India, which has 1.3 billion people, aims to immunize around 300 million people by July.
India launched one of the world’s largest coronavirus vaccination campaigns on Saturday as the coronavirus pandemic spread at a record rate and the number of COVID-19 deaths worldwide exceeded two million.
Indian Prime Minister Narendra Modi, who spoke to healthcare workers via video conference, will not immediately take the vaccine himself, as India initially prioritizes nurses, doctors and others in First line.

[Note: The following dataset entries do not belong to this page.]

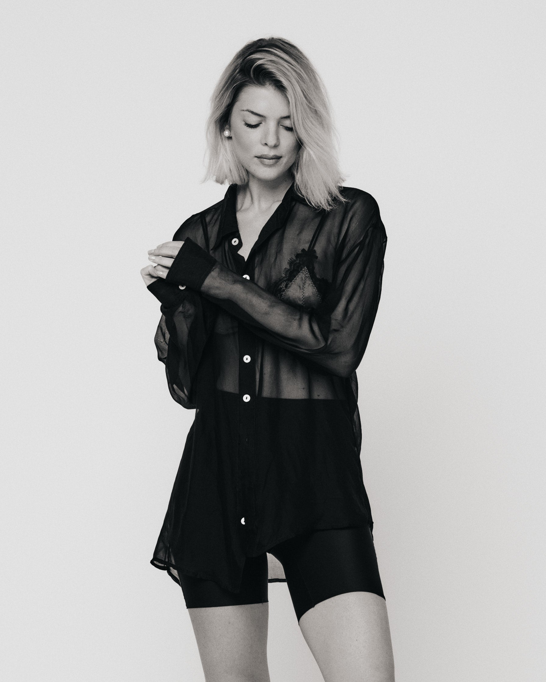 A study in ease and elegance, the Selene Shirt redefines resort dressing. Cut from 100% silk chiffon, this oversized button-up glides over the frame with weightless fluidity, balancing sensual transparency with refined tailoring.
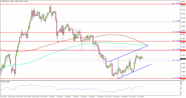 On the downside, immediate support is near the 1.3450 level. There is also a rising channel forming with support at 1.3450 on the same chart. The next key support sits near 1.3420. Any more losses could send the pair toward the 1.3365 support zone.
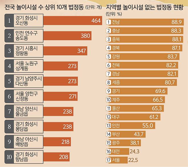 무놀이터 동네 비율이 가장 높은 곳은 전남이었다. 전남 전체 2974개 법정동 가운데 2645곳에 놀이터가 없는데 10곳 중 9곳꼴(88.9%)이다. 놀이터가 없는 나머지 동네에 사는 아동은 놀이터가 아닌 곳에서 놀거나, 놀이터를 이용하려면 다른 동네로 가야 한다는 것이다. 법정동은 법으로 지정한 최소 행정구역 단위를 말한다.
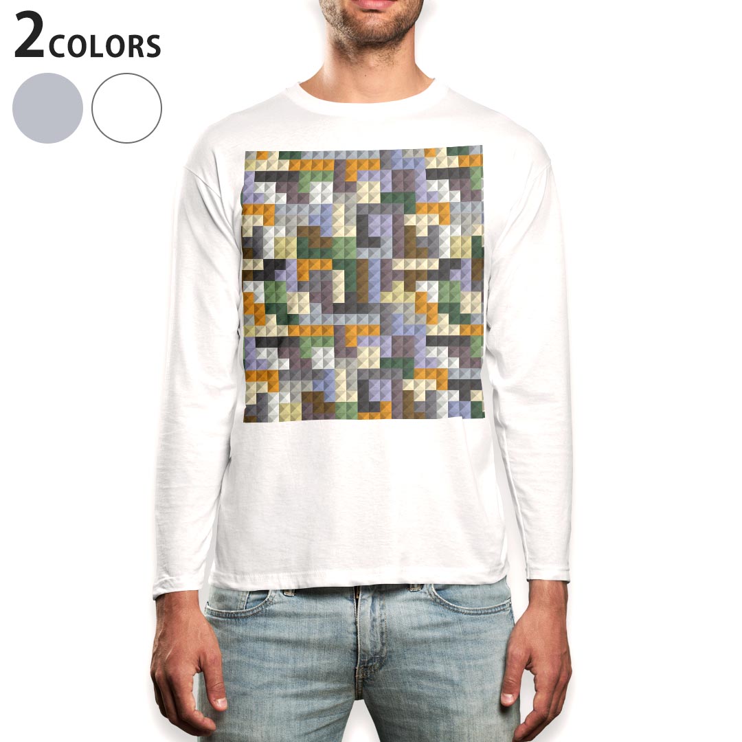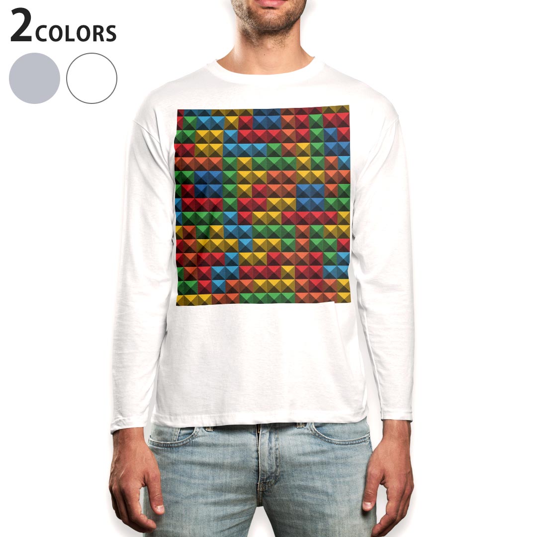 ロング tシャツ メンズ 長袖 ホワイト グレー デザイン XS S M L XL 2XL Tシャツ ティーシャツ T shirt long sleeve 007349 レゴ ブロック カラフル 模様
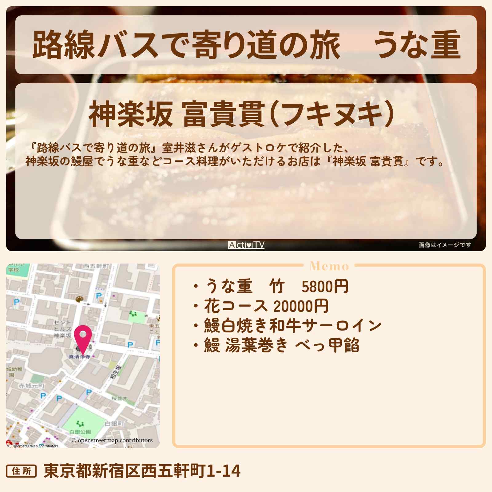 | 住所 | 東京都新宿区西五軒町1-14 |
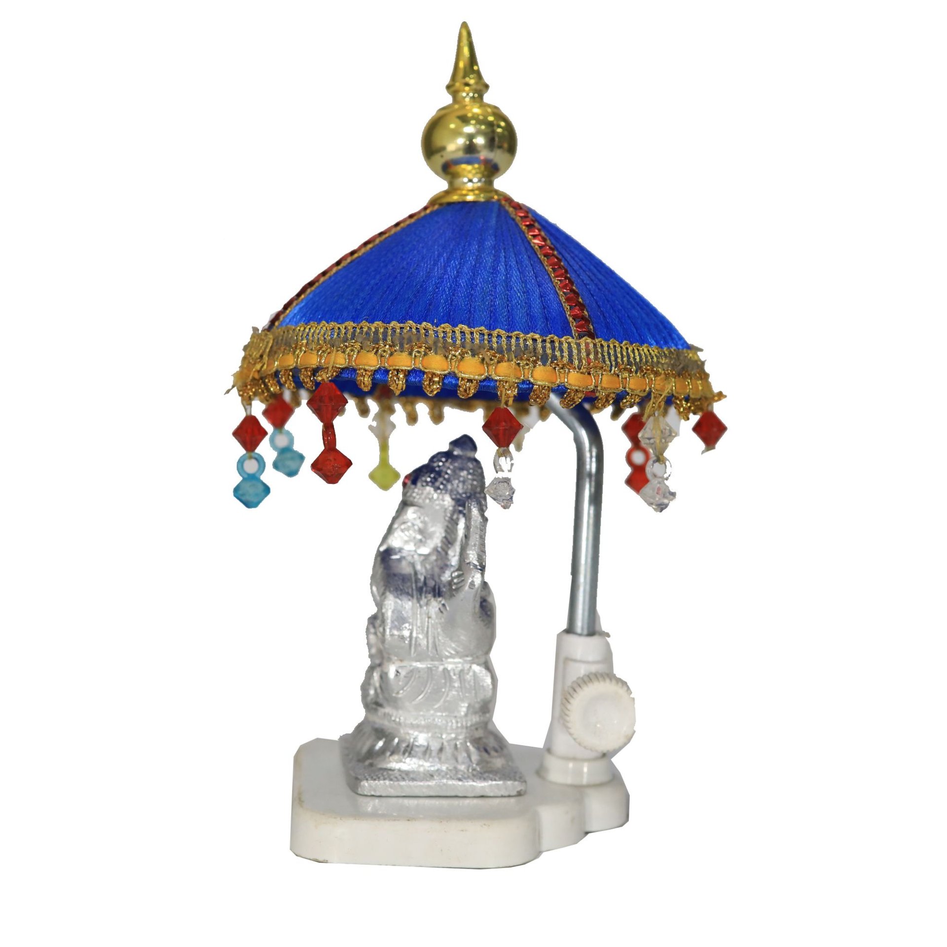 Sterling silver handmade lord Ganesha murti with a chatta, Make every occasion auspicious and divine with with lord ganesha's divine presece in your home. This ornamented deity has been handcrafted to perfection with an intricate and delightful detailing. Give your best wishes and blessings by gifting this idol to your friends and family.
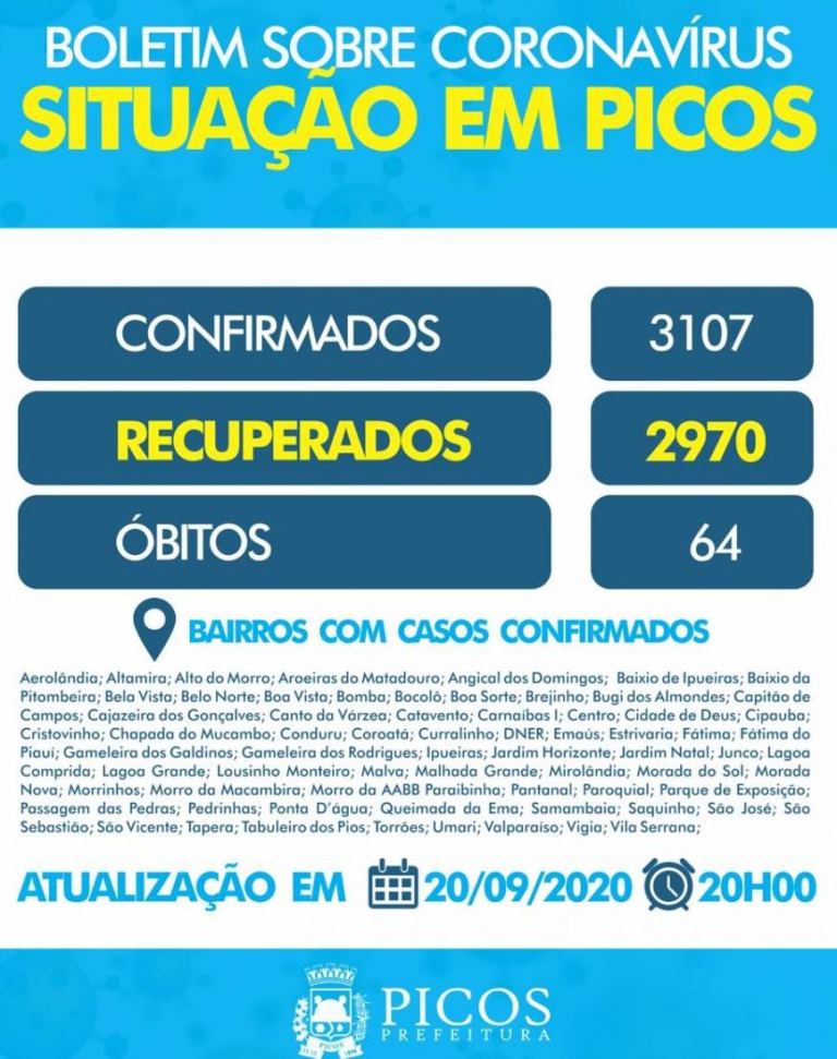 Os registros de casos positivos da Covid-19 tem atingindo 68 comunidades picoenses entre área rural (38) e sede urbana (30).
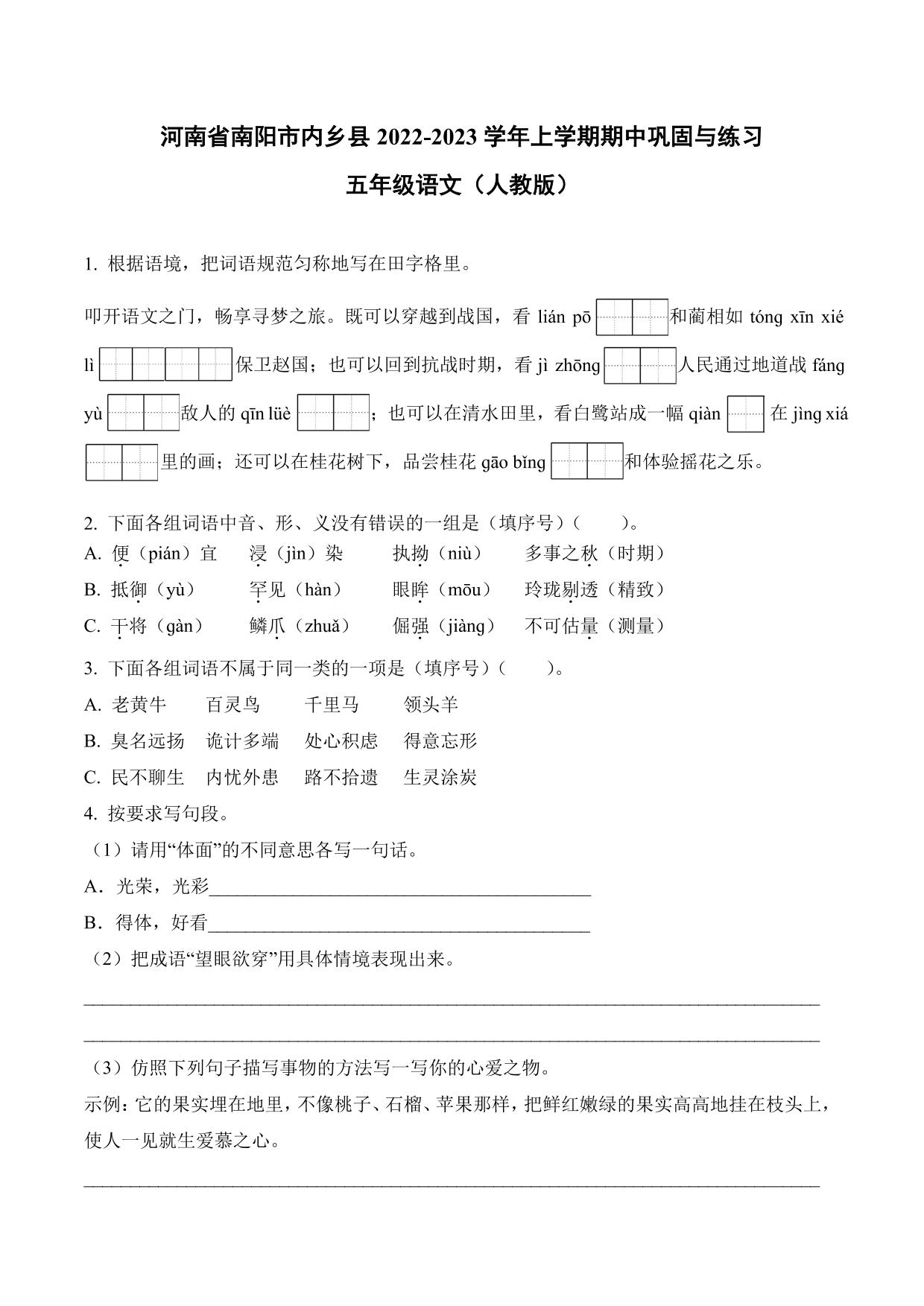 河南省南阳市内乡县2022-2023学年上学期期中巩固与练习五年级语文(人教版)
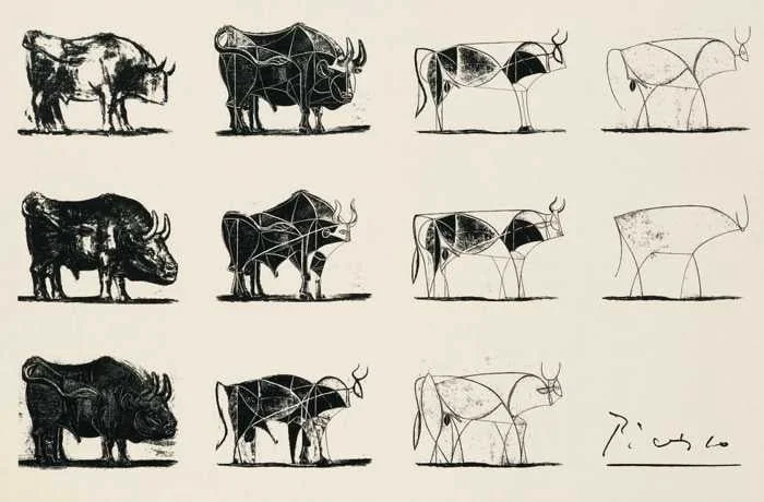 Pablo Picasso’s “The Bull” series, which illustrates his abstraction process (1945)
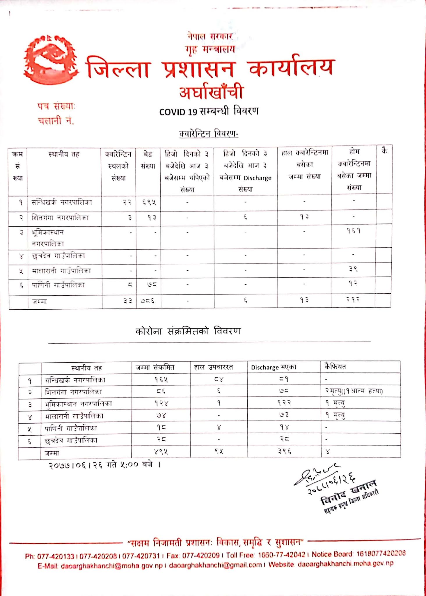 सन्धिखर्क, अर्घाखाँची (अर्घाखाँचीडट्कम) । अर्घाखाँची जिल्लामा ९ जना कोरोना संक्रमित थपिएका छन् । योसँगै अर्घाखाँची जिल्लामा संक्रमितको संख्या ४९५ जना पुगेको छ । जसमा सन्धिखर्क नगरपालिकामा १६५, जना, शितगंगा नगरपालिकामा ८६, भूमिकास्थान नगरपालिकामा १२४, मालारानीमा ७४, पाणिनी गाउँपालिकामा १८ र छत्रदेव गाउँपालिकामा २८ जना गरि अर्घाखाँचीमा हालसम्म ४९५ जना संक्रमित रहेका छन् ।

“We are launching the biggest vaccination campaign in the world and it shows the world our capacity,” Modi said in his speech. He implored citizens to remain vigilant and not to believe any “vaccine safety rumors”.
“Please don’t start to be carefree once you’ve been vaccinated, don’t take off your mask and don’t forget about social distancing,” Modi said.
The pure ladder has its obstacles. For example, India plans to rely heavily on a digital platform to track vaccine shipping and delivery. But public health experts point out that the internet remains spotty in large parts of the country, and some remote villages are completely disconnected.
India agreed to the emergency use of two vaccines: one developed by the University of Oxford and UK drug maker AstraZeneca, and another by Indian company Bharat Biotech on January 4. Cargo planes flew 16.5 million shots to various Indian cities last week.
Health experts fear that the regulatory shortcut taken to approve the Bharat Biotech vaccine without waiting for concrete data showing its effectiveness in preventing coronavirus disease could amplify the reluctance to vaccinate.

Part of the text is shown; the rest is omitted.